■ **Assignment**
Reproduce every line of the listing as written, apart from the pictures.

■ **Data shown**
—————
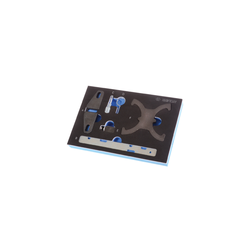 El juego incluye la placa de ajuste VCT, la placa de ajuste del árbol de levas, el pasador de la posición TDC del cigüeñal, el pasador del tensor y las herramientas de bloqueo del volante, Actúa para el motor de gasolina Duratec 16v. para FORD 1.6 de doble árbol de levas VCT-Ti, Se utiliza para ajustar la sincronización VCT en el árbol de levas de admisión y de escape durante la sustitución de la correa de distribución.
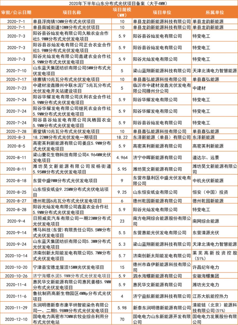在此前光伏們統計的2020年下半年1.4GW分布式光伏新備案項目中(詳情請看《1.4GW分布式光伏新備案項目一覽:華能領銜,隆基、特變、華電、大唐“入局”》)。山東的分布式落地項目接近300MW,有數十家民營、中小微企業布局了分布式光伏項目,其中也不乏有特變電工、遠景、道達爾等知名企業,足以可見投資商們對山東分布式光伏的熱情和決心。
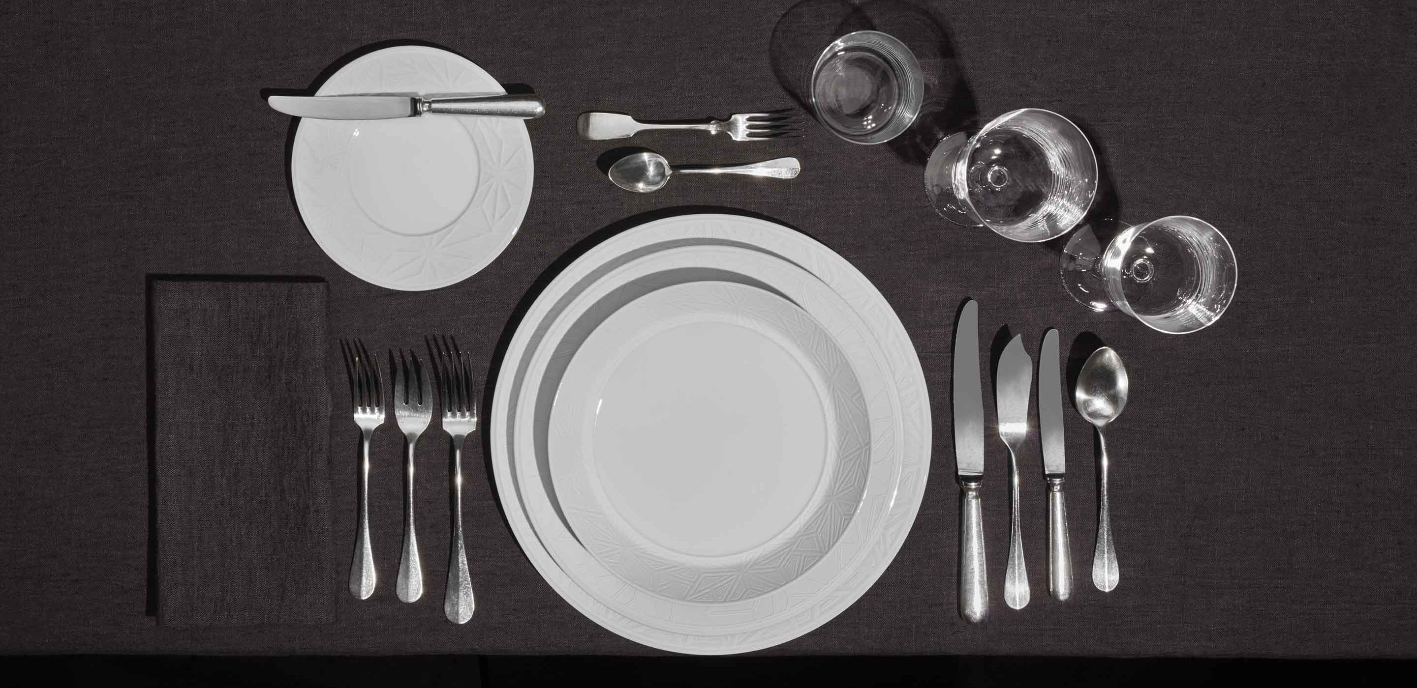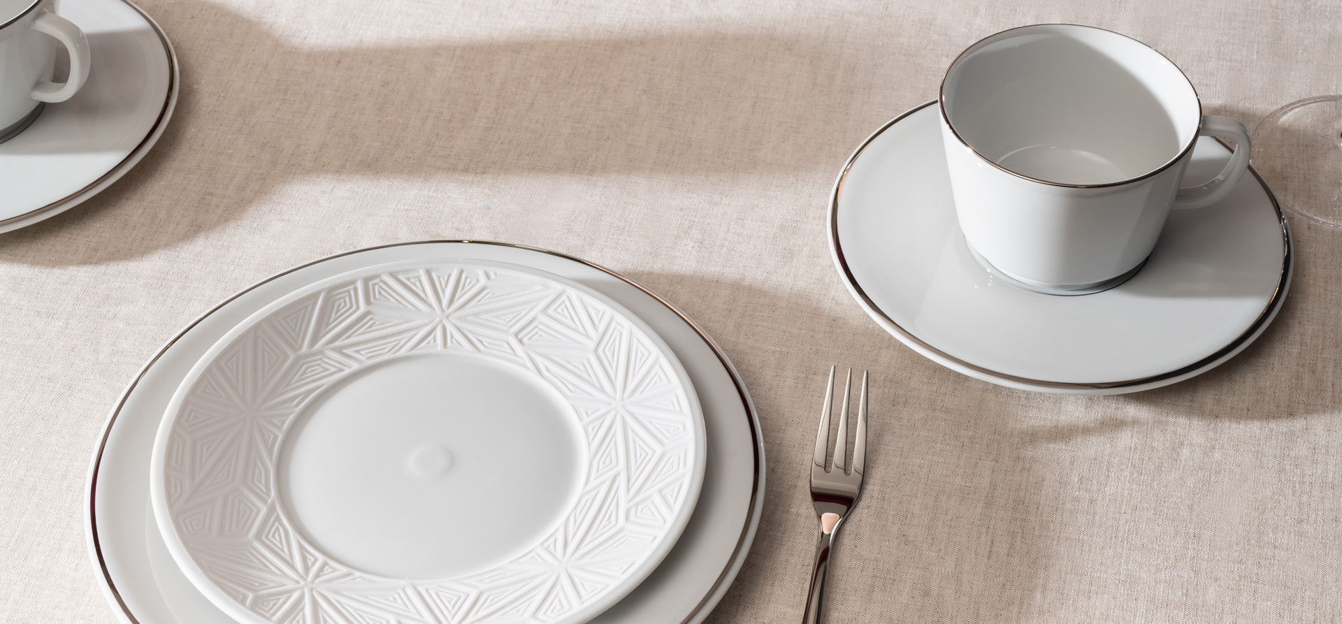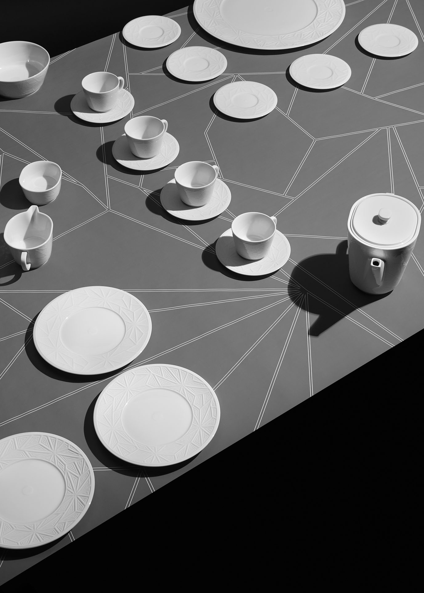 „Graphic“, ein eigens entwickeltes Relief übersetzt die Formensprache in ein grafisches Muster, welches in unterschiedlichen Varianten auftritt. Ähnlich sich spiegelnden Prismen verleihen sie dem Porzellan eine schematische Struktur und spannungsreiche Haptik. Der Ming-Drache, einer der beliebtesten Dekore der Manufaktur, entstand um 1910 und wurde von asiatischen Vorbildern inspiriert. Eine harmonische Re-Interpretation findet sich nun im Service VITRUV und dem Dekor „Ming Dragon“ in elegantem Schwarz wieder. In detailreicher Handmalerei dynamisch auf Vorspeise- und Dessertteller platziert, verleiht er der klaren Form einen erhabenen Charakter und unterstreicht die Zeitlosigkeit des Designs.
—————
■ **Answer to this task**
 El juego incluye la placa de ajuste VCT, la placa de ajuste del árbol de levas, el pasador de la posición TDC del cigüeñal, el pasador del tensor y las herramientas de bloqueo del volante, Actúa para el motor de gasolina Duratec 16v. para FORD 1.6 de doble árbol de levas VCT-Ti, Se utiliza para ajustar la sincronización VCT en el árbol de levas de admisión y de escape durante la sustitución de la correa de distribución.
在此前光伏們統計的2020年下半年1.4GW分布式光伏新備案項目中(詳情請看《1.4GW分布式光伏新備案項目一覽:華能領銜,隆基、特變、華電、大唐“入局”》)。山東的分布式落地項目接近300MW,有數十家民營、中小微企業布局了分布式光伏項目,其中也不乏有特變電工、遠景、道達爾等知名企業,足以可見投資商們對山東分布式光伏的熱情和決心。
 „Graphic“, ein eigens entwickeltes Relief übersetzt die Formensprache in ein grafisches Muster, welches in unterschiedlichen Varianten auftritt. Ähnlich sich spiegelnden Prismen verleihen sie dem Porzellan eine schematische Struktur und spannungsreiche Haptik. Der Ming-Drache, einer der beliebtesten Dekore der Manufaktur, entstand um 1910 und wurde von asiatischen Vorbildern inspiriert. Eine harmonische Re-Interpretation findet sich nun im Service VITRUV und dem Dekor „Ming Dragon“ in elegantem Schwarz wieder. In detailreicher Handmalerei dynamisch auf Vorspeise- und Dessertteller platziert, verleiht er der klaren Form einen erhabenen Charakter und unterstreicht die Zeitlosigkeit des Designs.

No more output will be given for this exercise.